## Dataset entries:
++++

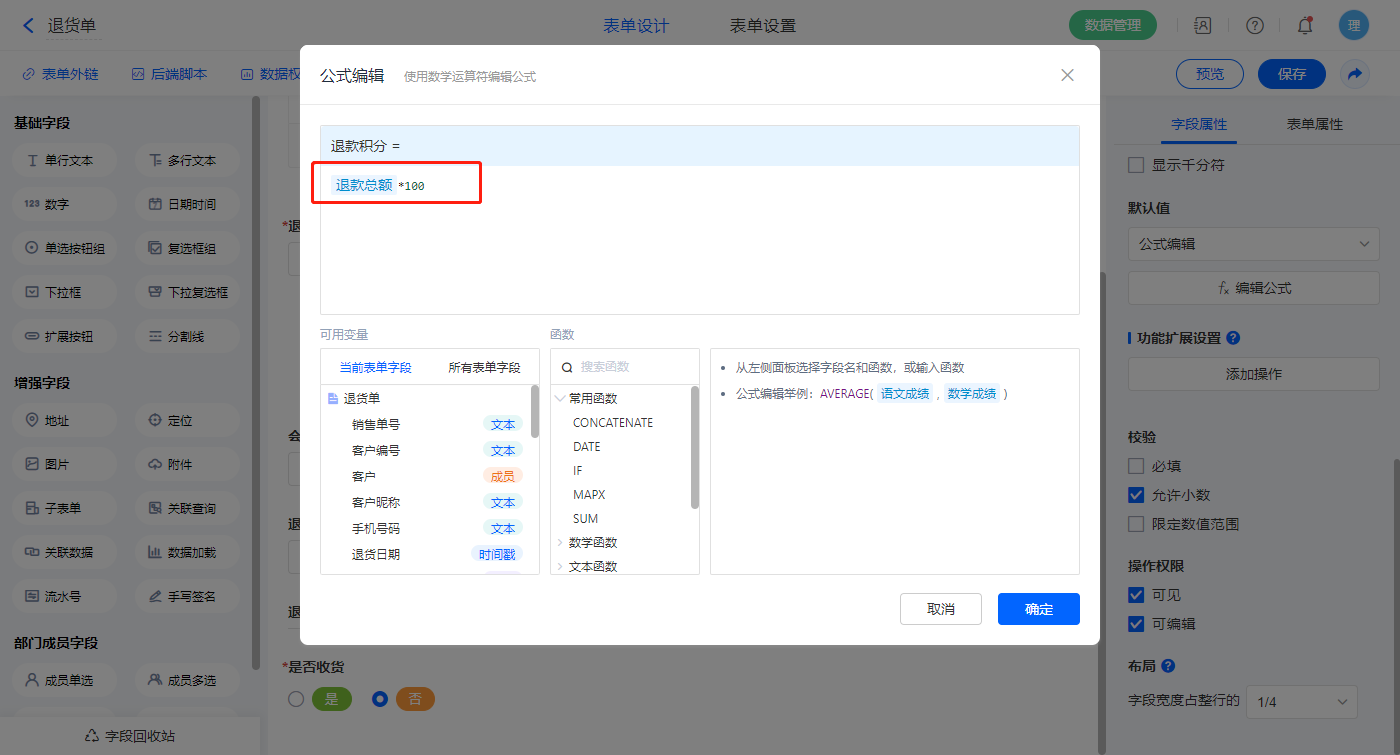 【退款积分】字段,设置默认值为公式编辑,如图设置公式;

++++

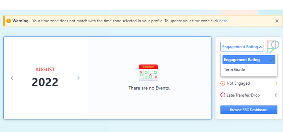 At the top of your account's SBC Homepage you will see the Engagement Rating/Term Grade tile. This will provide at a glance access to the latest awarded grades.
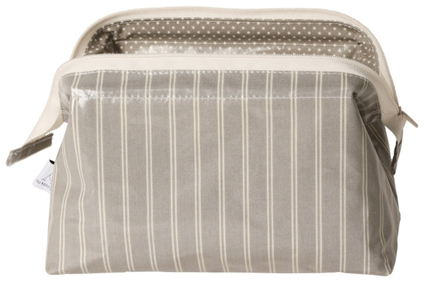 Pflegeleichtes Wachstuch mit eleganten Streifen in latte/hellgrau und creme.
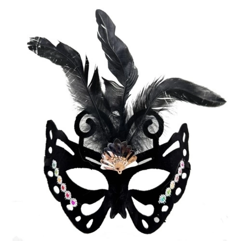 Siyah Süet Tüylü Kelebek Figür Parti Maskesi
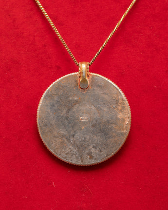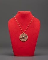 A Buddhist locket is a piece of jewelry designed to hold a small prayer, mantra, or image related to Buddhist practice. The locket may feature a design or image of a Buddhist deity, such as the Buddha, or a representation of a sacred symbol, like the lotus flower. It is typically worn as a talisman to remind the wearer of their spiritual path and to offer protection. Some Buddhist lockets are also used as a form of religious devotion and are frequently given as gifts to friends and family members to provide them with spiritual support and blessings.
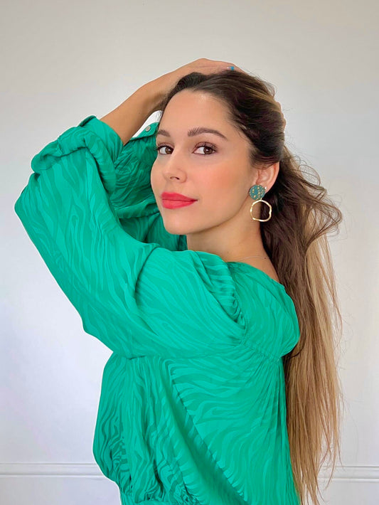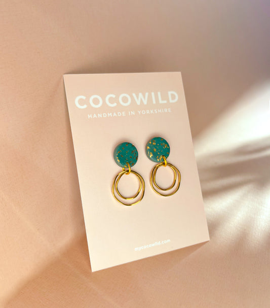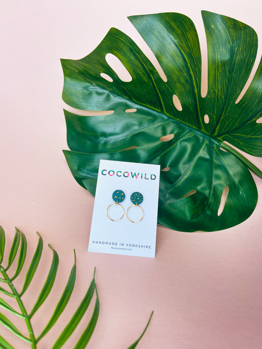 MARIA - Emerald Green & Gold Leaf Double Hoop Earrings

++++

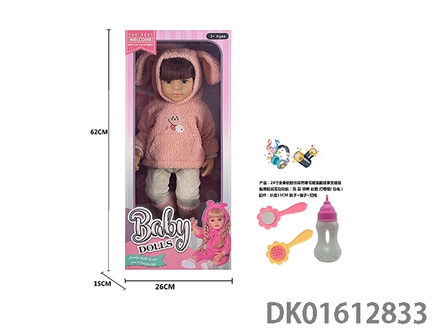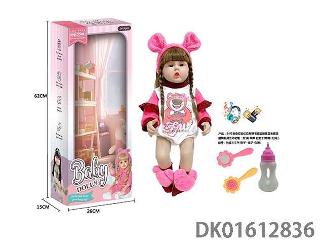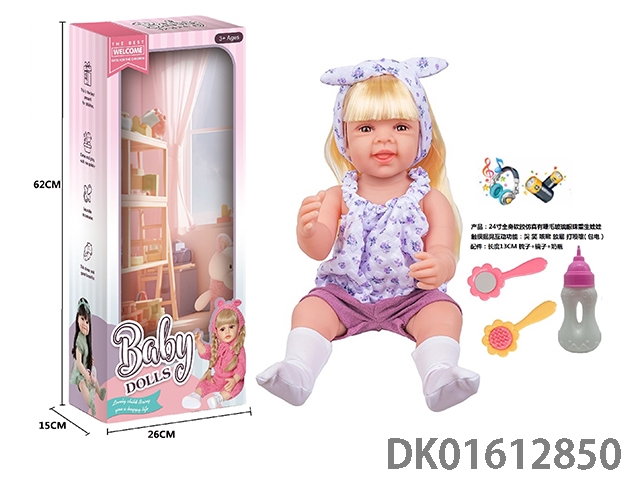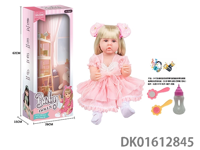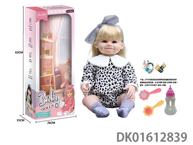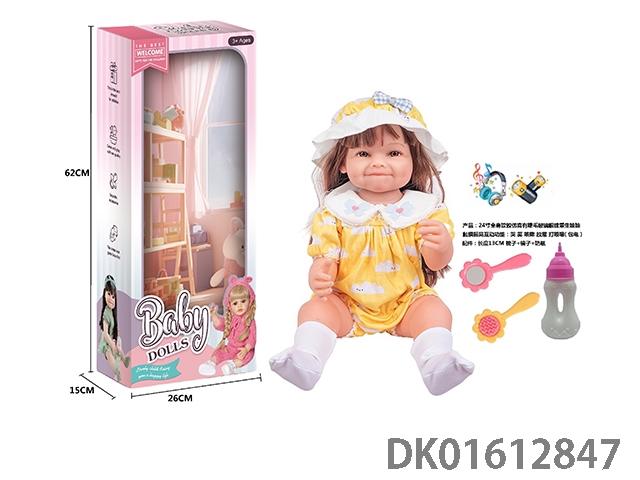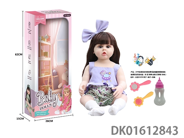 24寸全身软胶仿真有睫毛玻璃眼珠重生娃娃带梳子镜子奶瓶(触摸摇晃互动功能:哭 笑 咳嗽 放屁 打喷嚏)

++++

## Exercise brief:
Find the line with "Siyah Süet Tüylü Kelebek Figür Parti Maskesi" and the line with "MARIA - Emerald" in the records above. Copy both and all lines between them exactly, without pictures.

## Answer to this task:
 Siyah Süet Tüylü Kelebek Figür Parti Maskesi
 A Buddhist locket is a piece of jewelry designed to hold a small prayer, mantra, or image related to Buddhist practice. The locket may feature a design or image of a Buddhist deity, such as the Buddha, or a representation of a sacred symbol, like the lotus flower. It is typically worn as a talisman to remind the wearer of their spiritual path and to offer protection. Some Buddhist lockets are also used as a form of religious devotion and are frequently given as gifts to friends and family members to provide them with spiritual support and blessings.
 MARIA - Emerald Green & Gold Leaf Double Hoop Earrings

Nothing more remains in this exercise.